Gas benchmarking continues to evolve in tandem with Ethereum's scaling roadmap. The framework that revealed ModExp bottlenecks and guided the path to 60M gas is now expanding to address the next generation of performance challenges.

‍

State growth and parallelization (next focus): The benchmark infrastructure is being updated to include reproducible tests for state-related degradation - the bottleneck that will define Ethereum's ability to scale beyond 60M gas.
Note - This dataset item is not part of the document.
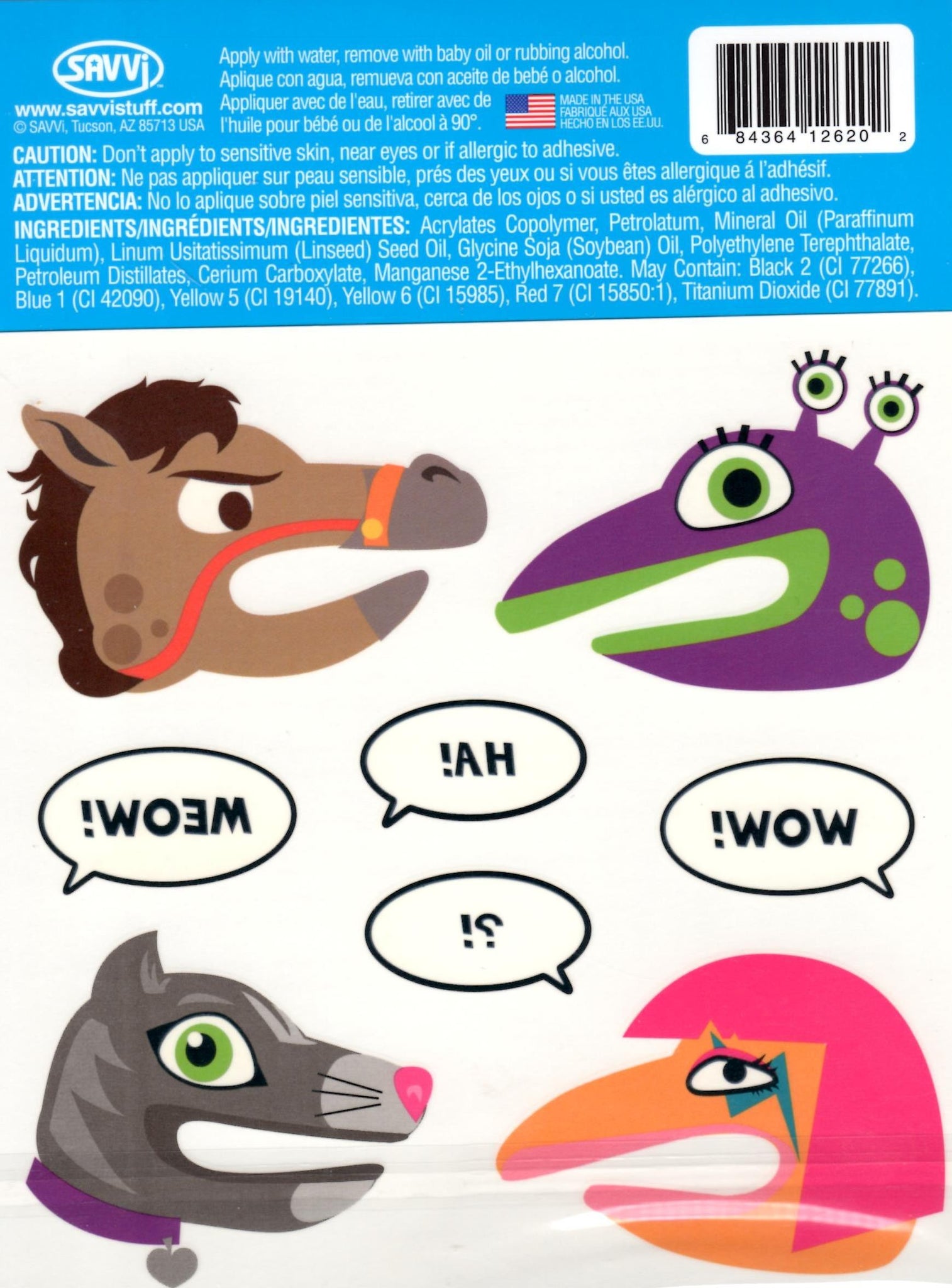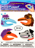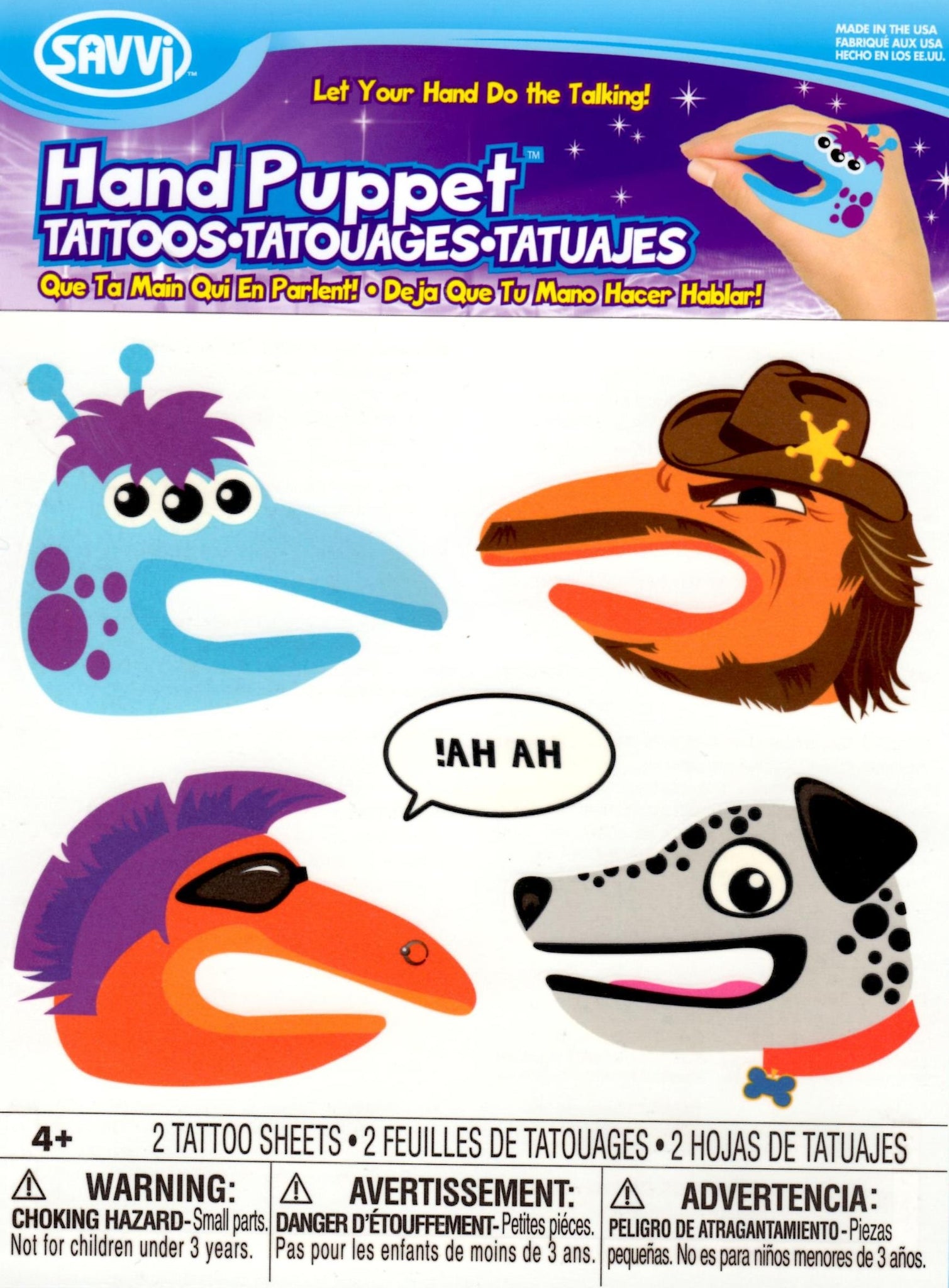 Pochette Savvi regroupant 2 planches de tatouages decalcomanies "Hand Puppet tattoos". Série de tattoos vraiment sympa pour les anniversaires. Faites parler vos mains et réalisez des spectacles de marionnettes !

With Block-Level Access Lists coming in the Glamsterdam fork, parallelization testing will become essential for validating performance gains across all clients.
Continuous, stateful testing and automation: Integrating benchmarks into full EVM execution scenarios provides better visibility into real block performance, while standardized automation enables continuous validation across clients without manual coordination.
L2 benchmarks & sequencer validation: After switching tests to use the Ethereum Execution Client Specifications (EELS), the infrastructure can now support L2-specific benchmarks, allowing Layer 2 teams to pool resources and validate their clients using the same reproducible methodology.
Gas repricing pipeline (ModExp -> next): As benchmark data matures, it will continue to inform EIP proposals for more accurate gas costs - following the path ModExp established from performance data to protocol change.

‍

This work moves forward through shared infrastructure and coordinated effort. The gas benchmark framework is open source and reproducible, designed for any team to validate their client's performance under the same conditions that guide Ethereum's scaling decisions.

‍

What began as a local experiment is now a shared standard. As Ethereum scales, the benchmarks scale with it: measuring, validating, and proving readiness at every step.

‍

As the network targets 60M gas and beyond, this shared framework defines how Ethereum proves its readiness to scale: empirically, safely, and together.